In 2025, the European Medicines Agency approved two antibodies for Alzheimer’s disease: lecanemab (LeqembiTM, from Biogen) and donanemab (Kisunla, from Eli Lilly and Co.), both based on immunotherapy (the use of molecules from the immune system to treat diseases). These antibodies, obtained in the laboratory, act against the Aβ peptide, a protein fragment that accumulates in the brains of patients with Alzheimer’s disease. Elimination of this protein by the immune system helps slow the characteristic cognitive decline of the disease.

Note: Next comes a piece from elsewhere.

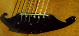 | The heart of the Gran is the unique bridge design. There are two sets of six strings. A standard nylon set along with custom gauge steel strings next to and below the nylon strings. | |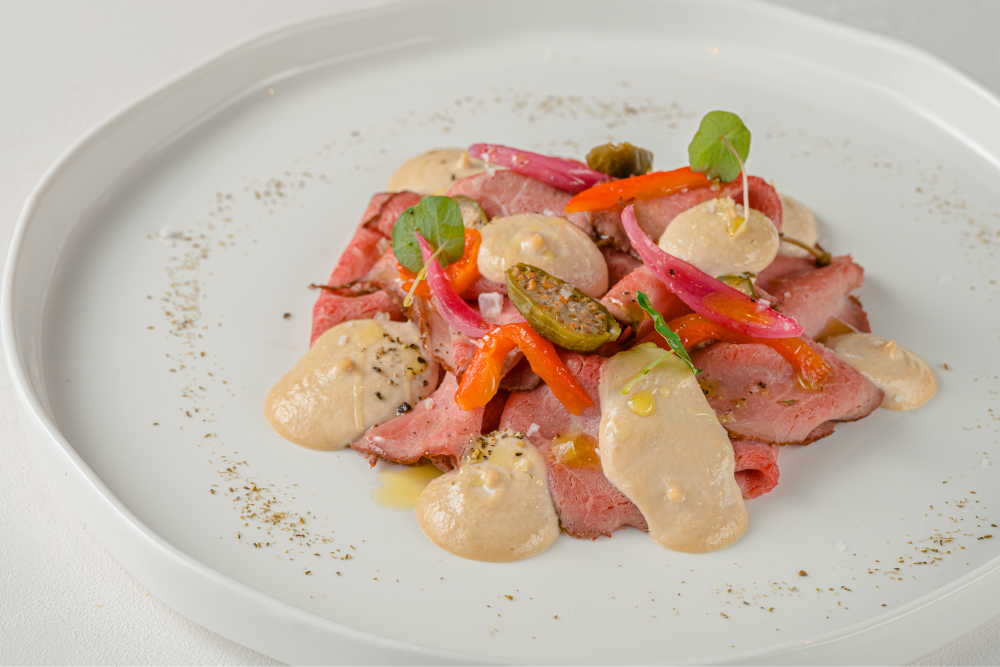 Благодаря шефу ресторан заиграл новыми красками. В меню появились авторский тартар из говядины с картофелем, хумус из брокколи с крабом, суп из бычьих хвостов, ризотто с гребешками, топинамбуром и бергамотом, спагетти со спаржей, вонголе и лаймом, рыба Тюрбо с фенхелем и шафраном, говяжье ребро с капонатой и равиоли пармиджана со страчателлой и сыром каччио рикотта.

These two antibodies are the first disease-modifying therapies for Alzheimer’s. They stop and, in some cases, even partially reverse this devastating condition. However, a frequent and characteristic side effect of these drugs is cerebral bleeding, detectable by magnetic resonance imaging. The brain does not have the molecules and cells that make up the systemic immune system, so the entry of antibodies into the brain is not desirable under healthy conditions, although it is necessary for these treatments to be effective.
The incidence of bleeding in clinical trials ranged from 10% to 27% of treated patients, with a particularly high incidence in individuals carrying a specific apolipoprotein allele: APOEε4. In Europe, these treatments can be administered only to people with one or no copy of the APOEε4 allele, a genetic variant associated with a higher risk of Alzheimer’s.